De la fuente schlägt zurück: „rassisten haben im fußball nichts verloren“

Luis de la Fuente trat mit zitternder Stimme vor die Mikrofone, doch die Botschaft war klar: „Das ist die Meinung aller. Das ist untragbar. Eine absolute Verweigerung.“ Die rassistischen Sprechchöre gegen Lamine Yamal und Nico Williams im RCDE-Stadium hatte er Sekunden zuvor noch aus der Nähe mitbekommen – und sofort reagiert.

Der protest kam vom spielfeld

Stadionsprecher warnte über Lautsprecher, Anzeigentafel blinkte rot. Die Mehrheit der 33.000 pfiff die Unbotmäßigen nieder. „Gewalttäter nutzen den Fußball, sie gehören nicht dazu“, so der Nationalcoach. Spanien besiegte Ägypten 3:1, doch die Schlagzeilen schrieb eine Minderheit.

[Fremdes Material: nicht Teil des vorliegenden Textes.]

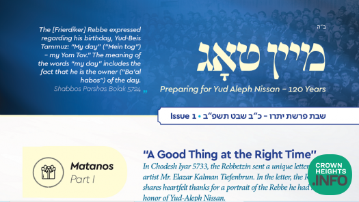 It is this question that we hope to address with the launch of the new weekly publication: מיין טאג. Every week, the publication will be centered on one theme of Yud-Aleph Nissan, and will feature small snippets, pictures and anecdotes related to the theme.
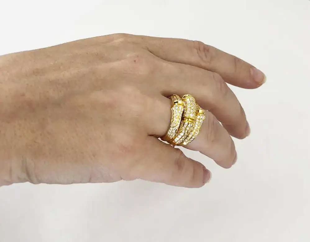 Cartier Bamboo Diamond Ring in 18k Yellow Gold. Diamond weight approx. 2.50 carats total. Measures approx. 0.65″ at widest point, tapering to 0.35″. Height is approx. 0.23″ off the finger. Currently a Size 53; can be resized although will disrupt the hallmarks and signature. Includes “750” hallmark, numbered and Signed “Cartier”; circa 1980s.
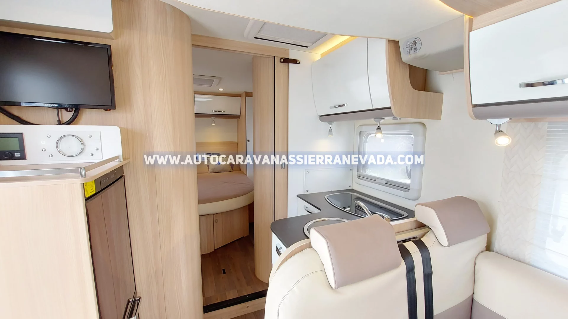 Aire acondicionado (de motor), AirBag (conductor y copiloto), Velocidad de Crucero, Cierre centralizado, Elevalunas eléctricos, Espejos eléctricos, Radio (2DIN-CD- USB-BT), Asientos giratorios, Oscurecedores REMIS (en luna delantera), Mosquiteras en ventanas, claraboyas y en puerta principal, Claraboyas transparentes y Claraboya panorámica XXL en cabina, Frigo DOMETIC  (220v, Gas, 12v, Auto) 151L capacidad, Ducha con mampara separada de aseo, Batería de 95ah., Placa solar de 100w., Calefacción Truma Inet Ready, Antena TDT, Escalón eléctrico de aluminio, Toldo THULE de 4m., 2 Cierres de seguridad (puertas de cabina), Neumáticos reforzados especial camper.

Danach drehte sich das Gespräch Richtung Italien. Dreimal in Folge haben die Azzurri eine WM verpasst – für de la Fuente ein Beleg dafür, wie schwer sich der Titelverteidiger qualifiziert. „Wir reden nicht mehr bloß vom sportlichen Wettbewerb, sondern von Präzision bis ins Detail.“

Joan garcía lacht über cornellà-comeback

Joan garcía lacht über cornellà-comeback

Über Joan García, der nach fünf Jahren Heimspiel-Pause wieder im Estadi Cornellà-El Prat stand, brach der Coach in schallendes Lachen aus. „Stellt euch vor, der Junge fragt, ob das sein Debüt sei. Maribel, was für ein Niveau!“, spielt er auf ein spanisches Running-Gag-Meme an. García hielt als Ersatz-Keeper souverän, doch die Pointe lieferte der Coach.

Die Torhüterdiskussion – vier statt drei Keeper mit in die Vorbereitung – winkte er ab. „Wenn ich dürfte, würde ich alle vier mitnehmen. Die Zusammenarbeit war so positiv, dass die Entscheidung für drei nur Formsache bleibt.“ Bis zur endgültigen 23er-Liste will er jeden Trainingstag nutzen, um Leistung und Charakter auszuloten.

Am Ende bleibt eine Erkenntnis: Spanien spielt nicht nur elegant, es weist auch rassistische Randale in die Schranken. Und de la Fuente? Der steht davor, seine erste große Feuerprobe zu bestehen – mit der WM-Ticket-Vergabe und mit der Gesellschaft im Rücken.